条款C4.根据条款C3所述的方法,所述根据所述目标数据的维度,在所述待量化层的目标数据中确定多个待量化数据,包括:
将所述待量化层的目标数据中一个或多个批数的数据,确定为一个待量化数据。
条款C5.根据条款C3或条款C4所述的方法,所述根据所述目标数据的维度,在所述待量化层的目标数据中确定多个待量化数据,包括:
将所述待量化层的目标数据中一个或多个通道的数据,确定为一个待量化数据。
条款C6.根据条款C1至条款C5中任一项所述的方法,所述在所述待量化层的目标数据中确定多个待量化数据,包括:
根据运行所述神经网络的装置的实时处理能力,在所述待量化层的目标数据中确定多个待量化数据,各所述待量化数据的尺寸与所述实时处理能力正相关。
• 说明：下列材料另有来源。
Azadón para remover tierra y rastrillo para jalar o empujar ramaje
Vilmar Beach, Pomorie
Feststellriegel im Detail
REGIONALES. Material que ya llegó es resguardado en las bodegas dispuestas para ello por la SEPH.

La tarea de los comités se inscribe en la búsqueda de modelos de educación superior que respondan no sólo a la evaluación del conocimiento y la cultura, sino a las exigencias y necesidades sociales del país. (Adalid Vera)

条款C7.根据条款C1至条款C6中任一项所述的方法,所述方法还包括:
根据各所述待量化数据和对应的数据位宽计算得到对应的量化参数。
条款C8.根据条款C7所述的方法,所述根据各所述待量化数据和对应的数据位宽计算得到对应的量化参数,包括:
当所述量化参数不包括偏移量时,根据各所述待量化数据中的绝对值最大值和对应的数据位宽,得到各所述待量化数据的第一类点位置。
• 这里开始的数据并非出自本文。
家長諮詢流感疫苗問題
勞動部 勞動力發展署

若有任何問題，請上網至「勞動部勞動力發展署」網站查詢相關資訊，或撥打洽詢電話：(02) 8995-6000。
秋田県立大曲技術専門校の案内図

条款C9.根据条款C7所述的方法,所述根据各所述待量化数据和对应的数据位宽计算得到对应的量化参数,包括:
当所述量化参数不包括偏移量时,根据各所述待量化数据和对应的数据位宽得到量化后数据的最大值;
根据各所述待量化数据中的绝对值最大值和所述量化后数据的最大值,得到各所述待量化数据的第一类缩放系数。
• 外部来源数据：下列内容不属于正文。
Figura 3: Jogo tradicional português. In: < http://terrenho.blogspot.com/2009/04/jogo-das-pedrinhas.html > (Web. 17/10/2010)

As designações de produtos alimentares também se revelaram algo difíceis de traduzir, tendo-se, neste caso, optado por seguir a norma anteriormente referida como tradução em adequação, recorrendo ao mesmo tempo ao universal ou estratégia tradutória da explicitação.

条款C10.根据条款C7所述的方法,所述根据各所述待量化数据和对应的数据位宽计算得到对应的量化参数,包括:
当所述量化参数包括偏移量时,根据各所述待量化数据中的最大值、最小值和对应的数据位宽,得到各所述待量化数据的第二类点位置。
条款C11.根据条款C7所述的方法,所述根据各所述待量化数据和对应的数据位宽计算得到对应的量化参数,包括:
当所述量化参数包括偏移量时,根据各所述待量化数据和对应的数据位宽得到量化后数据的最大值;
根据各所述待量化数据中的最大值、最小值和量化后数据的最大值,得到各所述待量化数据的第二类缩放系数。
条款C12.根据条款C7所述的方法,所述根据各所述待量化数据和对应的数据位宽计算得到对应的量化参数,包括:
根据各所述待量化数据中的最大值和最小值,得到各所述待量化数据的偏移量。
条款C13.根据条款C1至条款C12中任一项所述的方法,所述方法还包括:
根据各所述待量化数据和各所述待量化数据对应的量化数据,确定各所述待量化数据对应的量化误差;
根据各所述待量化数据对应的量化误差和误差阈值,调整各所述待量化数据对应的数据位宽,得到各所述待量化数据对应的调整位宽;
将各所述待量化数据对应的数据位宽更新为对应的调整位宽,根据各所述待量化数据和对应的调整位宽计算得到对应的调整量化参数,以使各所述待量化数据根据所述对应的调整量化参数进行量化。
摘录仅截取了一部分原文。